Friday, February 8, 2008

The Holler


This is Salt Gum Holler, as recreated by Google Earth. This is the land my great, great grandfather Simon settled when he immigrated to Ohio from Germany. His son John built the house that my grandfather, father, and brother lived in at different points in their life. My aunt and uncle live in it now. My dad's aunt and her brood live in the branch of the holler that leads off to the right--they are the rebellious drunken side of the family. My aunt's (the one who lives in the homestead) inlaws live down the left fork. My dad's brother lives at the bottom of the picture, across the street from his cousin. My cousin lives in one of the trailers at the top left, and his aunt and cousin live in the other trailer.

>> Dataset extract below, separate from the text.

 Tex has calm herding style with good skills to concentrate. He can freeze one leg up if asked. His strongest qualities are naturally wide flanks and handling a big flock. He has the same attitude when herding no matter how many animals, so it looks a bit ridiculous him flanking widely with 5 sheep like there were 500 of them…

The fields just above the fork in the road are fields my family farmed and plowed for generations and generations, only ceasing in the last few decades. My great grandfather built the barn on the homestead with logs he pulled from the Muskingum River during the great flood in the 1920s. Down the hill there is a machine shop where my grandfather kept an ancient lathe, as well as a root cellar, and a shack that has housed a nanny goat for I don't know how many years.

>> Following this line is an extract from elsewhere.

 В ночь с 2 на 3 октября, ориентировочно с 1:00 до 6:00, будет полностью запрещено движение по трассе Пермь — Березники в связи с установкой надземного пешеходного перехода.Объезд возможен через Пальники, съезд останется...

This is where I spent my summers growing up. My parents worked, but my aunts and grandparents didn't, and I would spend all day with them on the front porch swing of the homestead, looking down into the valley out over the beautiful countryside and going for walks.

This piece of land and the people who live on it are an awfully big part of who I am. They are the reason I love country music and listen to it when I'm alone. They teach me what faithfulness and loyalty mean. They remind me to treat poor people well, and to take care of people you care about. This place is everything that holds us back, and everything that comforts and defines us. This has been home for 200 years.